The aim must be to keep both air and soil temperatures below 40C. Shading has the potential to:
■ Drop air temperatures in and around a plant’s canopy by 15-25C.
■ Drop topsoil temperatures by 10-15C.
■ Air temperatures: In the full summer sun, these can range between 55C and 65C.
Under shade cloth they are likely to range between 32C and 45C. (At 45C plants may stress but the leaves will not burn – providing the soil is mulched and moist).
■ Soil temperatures: Topsoil temperatures in full sun are likely to range between 35C and 50C.
Under shade they should remain between 30C and 40C.(Adding mulch can reduce soil temperatures by a further 5-10C.)
CALL FOR CHANGE
Back in 2013, I called on the retail garden industry to take the need for temporary home garden shade protection seriously.
All gardeners need is a simple (attractive) framework with a shade cloth covering that can be erected at the beginning of the heatwave season (usually early January), and removed when the risk of heat has gone (late February).

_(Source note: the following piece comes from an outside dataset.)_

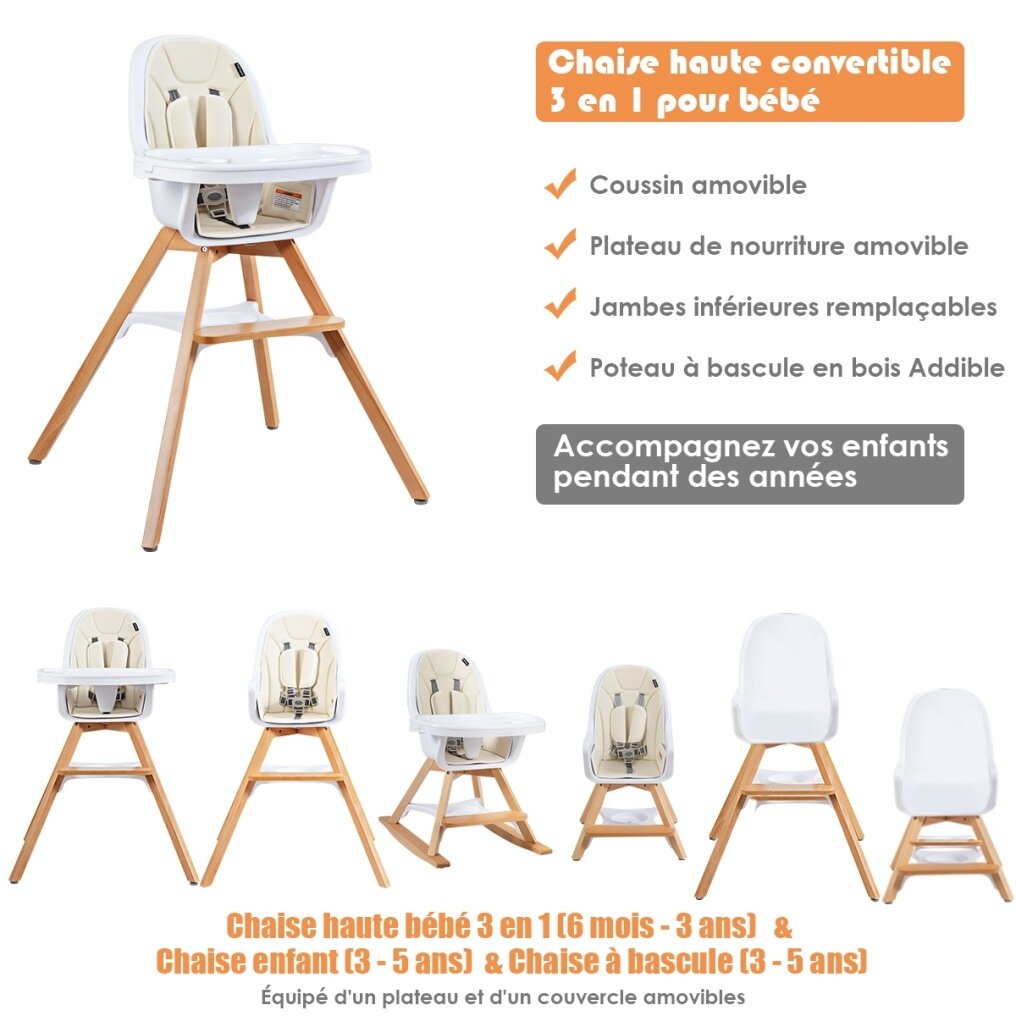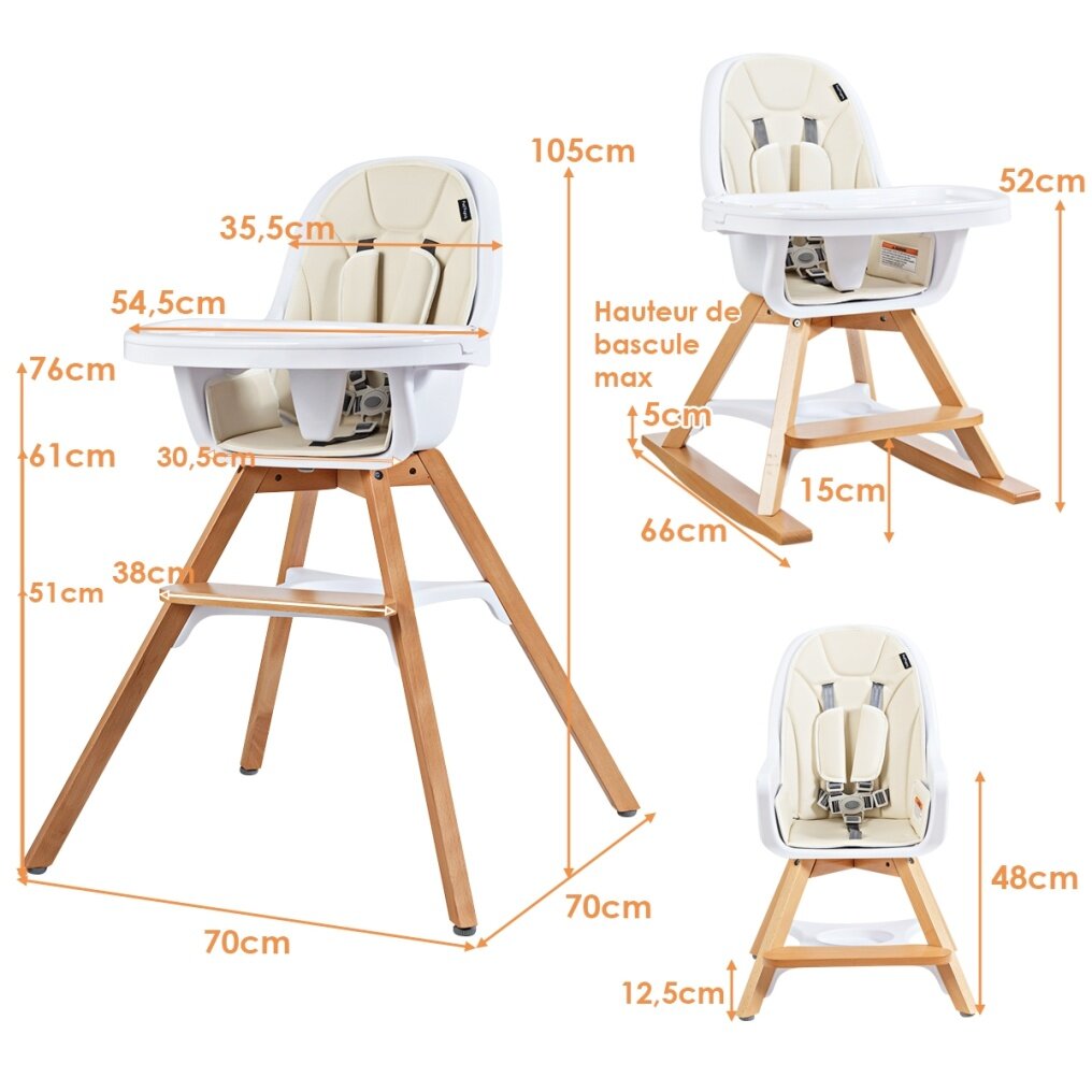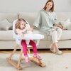 You must feel tired to feed your baby when he or she is active and constantly moving around. Now, this baby chair can handle this problem. With a 5-point safety harness, your baby can steadily sit on the chair and enjoy a meal. The tray is detachable, featuring a double-decker for multipurpose use. As the legs are made from beech wood material, you can rest assured that your baby won't fall. It is also with a high price-quality rate as it can be served as an infant high chair, sleeping rocking chair, or toddler feeding chair, meeting your diverse needs.

Sadly, we are still waiting.
WEEKLY REMINDERS
Planting
Trees, shrubs, groundcovers and climbers can all be planted with confidence at the moment, but don’t wait too long. They need time to establish a strong root system that will allow them to withstand the stresses of our summer heat.
Insects
Don’t spray aphids and caterpillars unless you really have to, as hot weather and natural predators will keep numbers in check. If needed, control caterpillars on vegetables and bushes by spraying with Dipel or Success Ultra. Both are non-hazardous chemicals and don’t harm the environment when used as directed.
Ants
Watch for ants in the garden as they spread aphids and scale insects, as well as fungal diseases, from one area to another. They are easily controlled if you find their nesting holes and spot spray with an ant nest insecticide.
Fertiliser
Fruit trees, particularly citrus, use a great deal of energy producing new spring growth. If you have not fed your trees this season, apply a balanced fertiliser under the tree’s canopy as soon as possible and water this into the top soil.
Roses
Extend the flowering period of roses by removing spent blooms regularly. Cut very long stems to keep the bushes in shape and stimulate new growth. Add a measuring cup of complete fertiliser to the soil if they have not been fed since early September.
Pruning
Don’t forget to trim Australian natives that have finished flowering. They should be cut back each year to encourage new growth.